Assets may also be transferred by an assignment from the beneficiary to another person under Reg. 1.401(a)-13(e) but the beneficiary will be taxed on the receipt of the benefits under the assignment of interest rule.

FYI: The purpose of disclaiming assets is to keep property out of the estate of persons who do not need the funds so as to avoid estate tax and income tax by transferring the assets at least two generation removef from the deceased. For example father dies leaving his 200k IRA to his son the hedge fund trader in the 35% bracket. Son disclaims and the property is transferred to the grand daughter as contingent beneficiary who is in the 15% bracket. The 200k is never included in sons estate and is not taxed as a gift to his daughter.

Posted

mjb:

You just brought up another very good point, which is that the disclaimer apparently must satisfy both the rules in the IRC to be effective for federal tax purposes, but must also satisfy the state law rules to be effective for purposes of the income tax laws of the state in which the taxpayer resides (assuming that state imposes an income tax).
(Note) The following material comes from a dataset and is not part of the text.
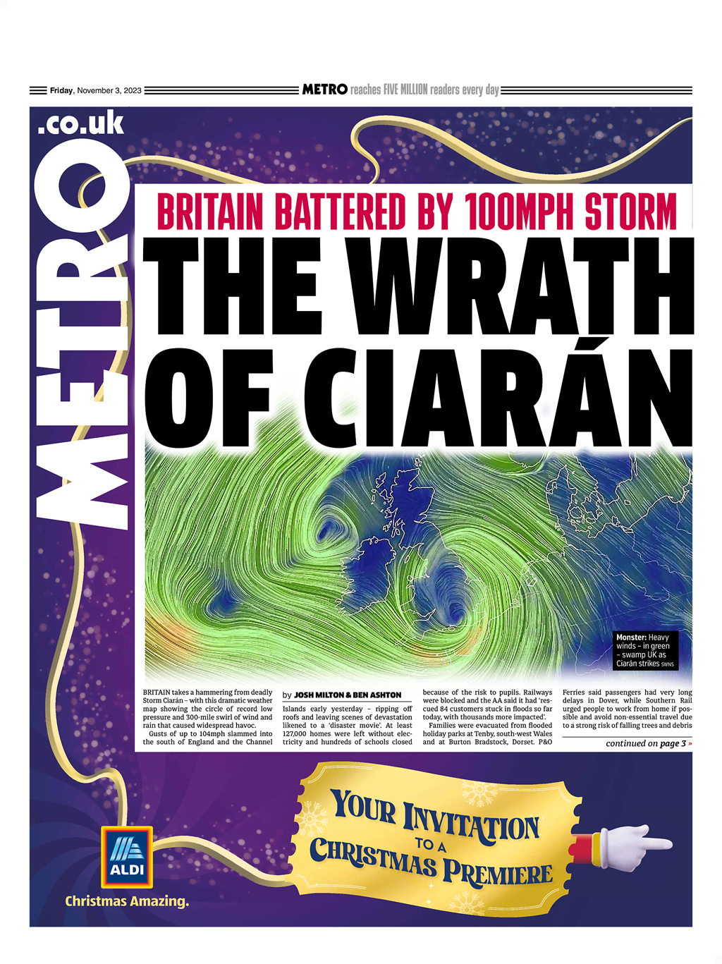 The Metro said Britain took a “hammering” from Storm Ciarán on Thursday. It reports that 127,000 homes were left without power, railways were blocked and families were evacuated from holiday parks.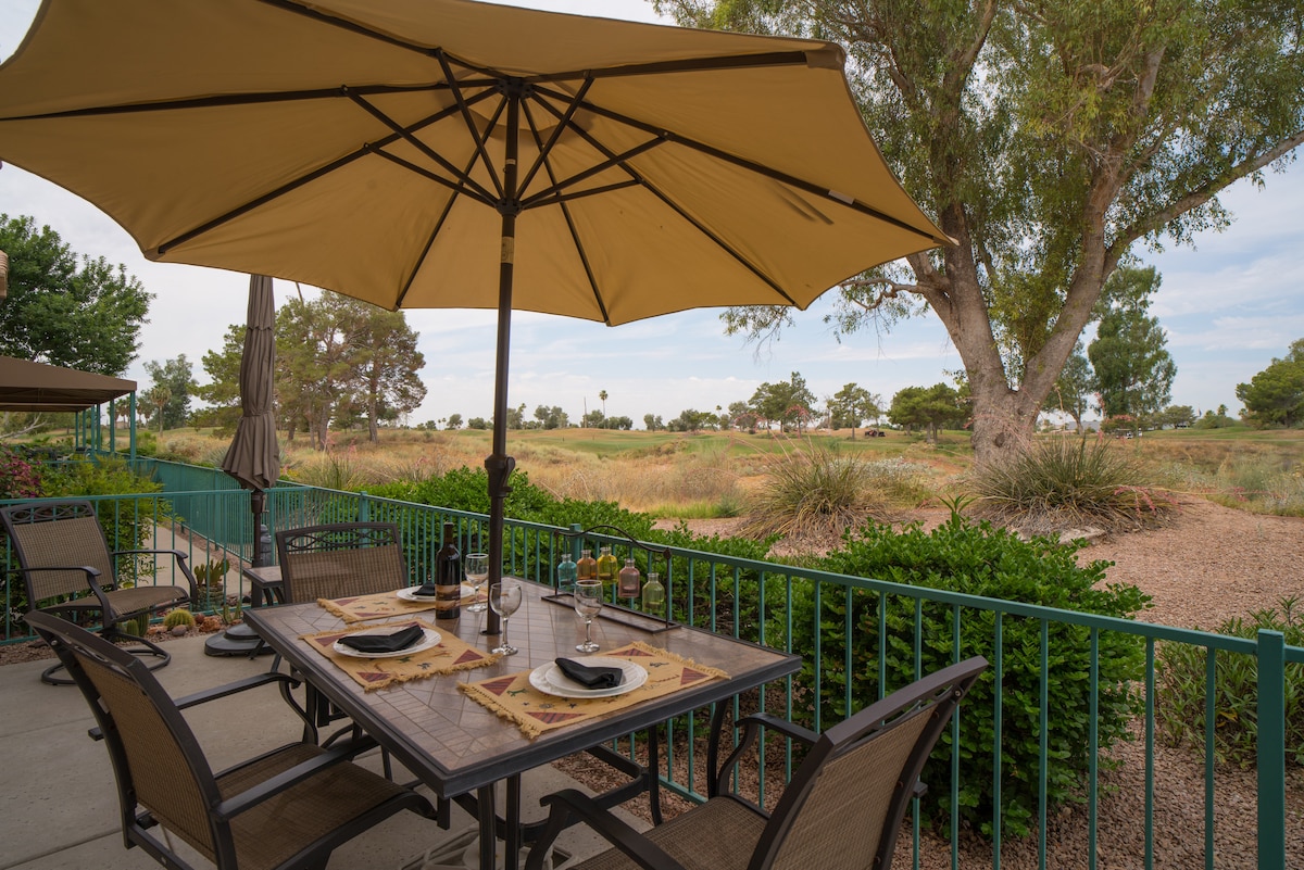 Beautiful well-appointed condo in a gated golf course community. The spacious patio overlooks ponds abundant with waterfowl for peaceful al fresco drinks and dining. It is located steps from the pool and hot tub. Restaurants, grocery and coffee shops are an easy stroll away. We are located right off the freeway for easy travel to the exciting Gilbert and Downtown Chandler nightlife. Filtered drinking water, cable TV, and high-speed WiFi included. Book now!

This message thread has been very illuminating for me.

Kirk Maldonado

  • 11 years later...
Posted

Any new insight regarding a qualified disclaimer of benefits for the designated beneficiary?

The beneficiary submitted a disclaimer but the plan document does not have any language regarding disclaimers.

Does the plan document need state specifically that disclaimers are allowed?

Posted

Subject to a reading and understanding of all the plan terms, it would be reasonable to interpret the plan to allow a disclaimer.  I venture that few plan administrators are both capable and familiar enough with plan terms to make a solid determination.  I also doubt that it is a high risk proposition.